=== What this task involves ===
Quote each line of the material verbatim, without the pictures.

=== Supplied data ===
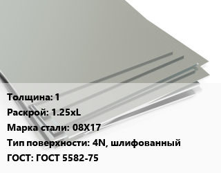 Лист нержавеющий 1 1.25хL Сталь: 08Х17 Тип:4N, шлифованный ГОСТ 5582-75
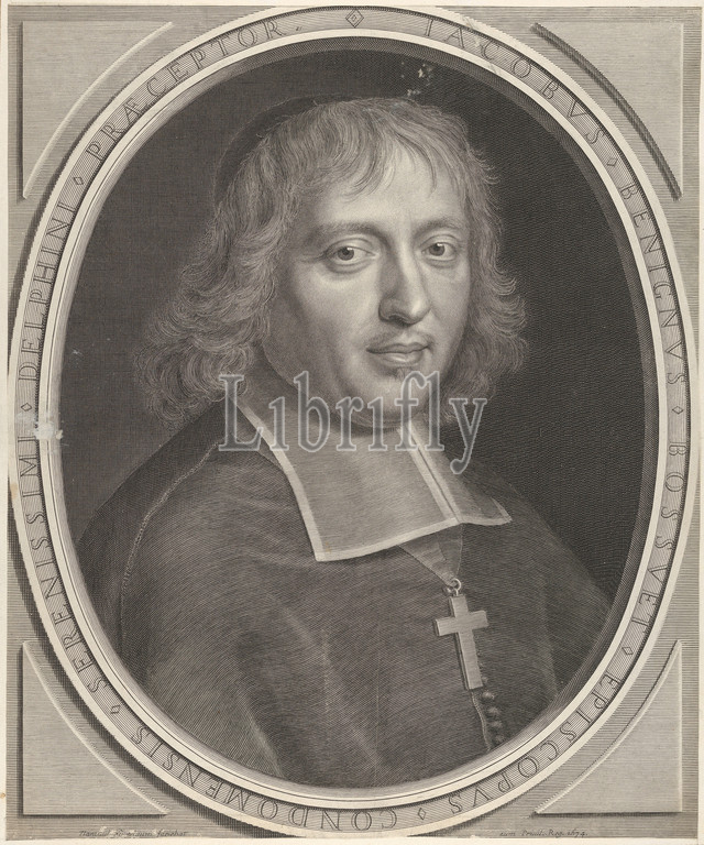 Jacques-Bénigne Bossuet, 1674, Engraving, second state, four, Petitjean & Wickert, Sheet, 17 15/16, 14 3/4, 45.5, 37.5 cm, Prints, Robert Nanteuil, French, Reims, 1623–1678, Paris
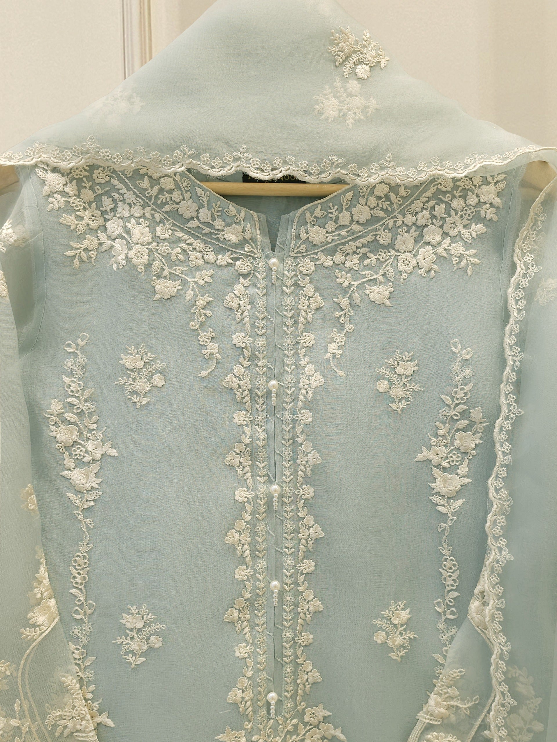 Elevate your style with our pink embroidered organza straight shirt crafted with utmost care and attention to detail. The shirt features intricate embroidery on the front and sleeves, adding a touch of timeless charm.
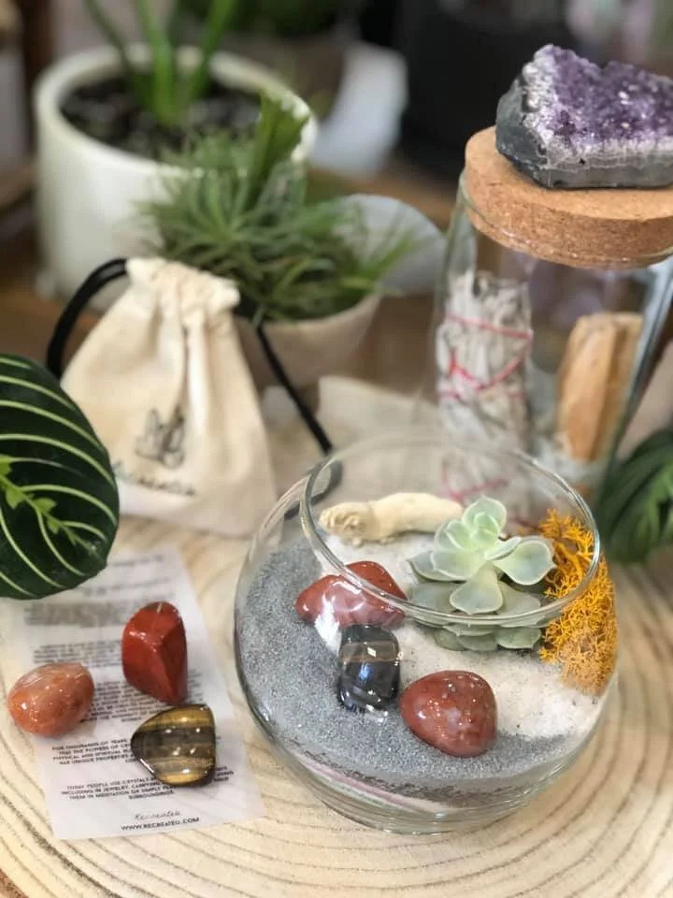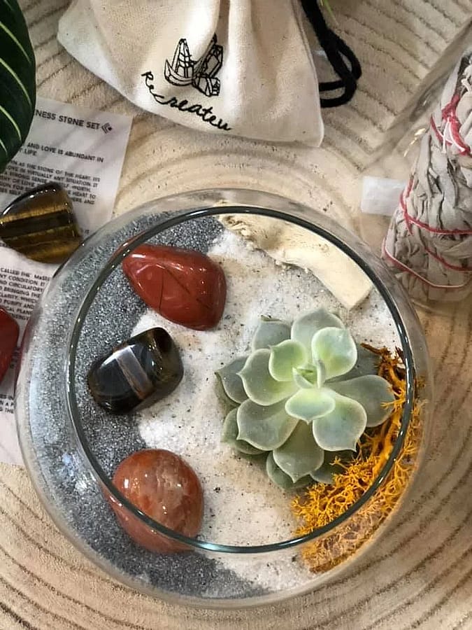 This includes everything you need to make a terrarium of your very own at home.
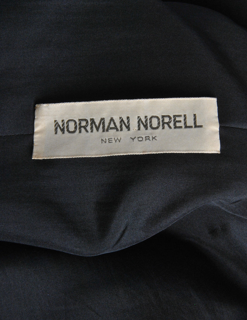 Classic vintage 1960s little black dress by Normal Norell. Scoop back. Thick crepe blend fabric, fully lined in nylon. Zip up side. Comes with original black leather waist belt. This dress is ready for a set of pearls, a coffee, and a trip down to Tiffany's.
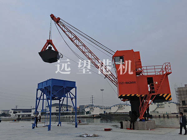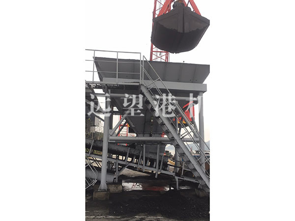 漏斗有足够的结构强度和稳定性。装车漏斗含漏斗和液压电动鄂式闸门,鄂式闸门底部距码头面有一定高度(保证各类汽车的接料和通行),漏斗上开口尺寸根据抓斗张开尺寸配套,下开口尺寸适应汽车接料。漏斗支腿采用型钢制作并包有防撞钢板。漏斗体采用厚耐磨钢板制作。漏斗壁夹角满足物料对漏斗壁的静摩擦角,以防止起拱堵料。为环保考虑,漏斗除通车处不封闭,其他位置尽可能采用维护结构封闭,防止扬尘扩散。
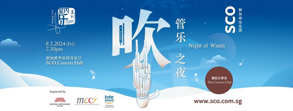The rich repertoire of musical possibilities available to Chinese wind instruments results in their dazzling variety of moods, techniques, and timbres. In "Night of Wind", the third concert in the Chamber Charms series, the audience can look forward to enjoying xun solo and suona quartet pieces, which are rarely performed at concerts. Furthermore, there will also be a xiao rendition of the well-known Western classic The Swan, curated by SCO Section Leader (Winds and Percussion) and Dizi Principal, Yin Zhiyang . The fusion of East and West promises a lively and rejuvenating evening! 华族吹管乐丰富多彩的气息、技巧与音色等变化,令人目不暇接。华乐团的“室内乐系列”第三场“吹管乐之夜”,乐团笛子首席兼吹打乐声部长尹志阳为您精挑细选了多首独特的作品,其中埙独奏和唢呐四重奏都是舞台上少见的,更有以东方传统乐器箫演奏脍炙人口的西方经典《天鹅》。东西交融,气韵生动,沁人心田。

=== Output of the task ===
 Лист нержавеющий 1 1.25хL Сталь: 08Х17 Тип:4N, шлифованный ГОСТ 5582-75
 Jacques-Bénigne Bossuet, 1674, Engraving, second state, four, Petitjean & Wickert, Sheet, 17 15/16, 14 3/4, 45.5, 37.5 cm, Prints, Robert Nanteuil, French, Reims, 1623–1678, Paris
 Elevate your style with our pink embroidered organza straight shirt crafted with utmost care and attention to detail. The shirt features intricate embroidery on the front and sleeves, adding a touch of timeless charm.
 This includes everything you need to make a terrarium of your very own at home.
 Classic vintage 1960s little black dress by Normal Norell. Scoop back. Thick crepe blend fabric, fully lined in nylon. Zip up side. Comes with original black leather waist belt. This dress is ready for a set of pearls, a coffee, and a trip down to Tiffany's.
 漏斗有足够的结构强度和稳定性。装车漏斗含漏斗和液压电动鄂式闸门,鄂式闸门底部距码头面有一定高度(保证各类汽车的接料和通行),漏斗上开口尺寸根据抓斗张开尺寸配套,下开口尺寸适应汽车接料。漏斗支腿采用型钢制作并包有防撞钢板。漏斗体采用厚耐磨钢板制作。漏斗壁夹角满足物料对漏斗壁的静摩擦角,以防止起拱堵料。为环保考虑,漏斗除通车处不封闭,其他位置尽可能采用维护结构封闭,防止扬尘扩散。
The rich repertoire of musical possibilities available to Chinese wind instruments results in their dazzling variety of moods, techniques, and timbres. In "Night of Wind", the third concert in the Chamber Charms series, the audience can look forward to enjoying xun solo and suona quartet pieces, which are rarely performed at concerts. Furthermore, there will also be a xiao rendition of the well-known Western classic The Swan, curated by SCO Section Leader (Winds and Percussion) and Dizi Principal, Yin Zhiyang . The fusion of East and West promises a lively and rejuvenating evening! 华族吹管乐丰富多彩的气息、技巧与音色等变化,令人目不暇接。华乐团的“室内乐系列”第三场“吹管乐之夜”,乐团笛子首席兼吹打乐声部长尹志阳为您精挑细选了多首独特的作品,其中埙独奏和唢呐四重奏都是舞台上少见的,更有以东方传统乐器箫演奏脍炙人口的西方经典《天鹅》。东西交融,气韵生动,沁人心田。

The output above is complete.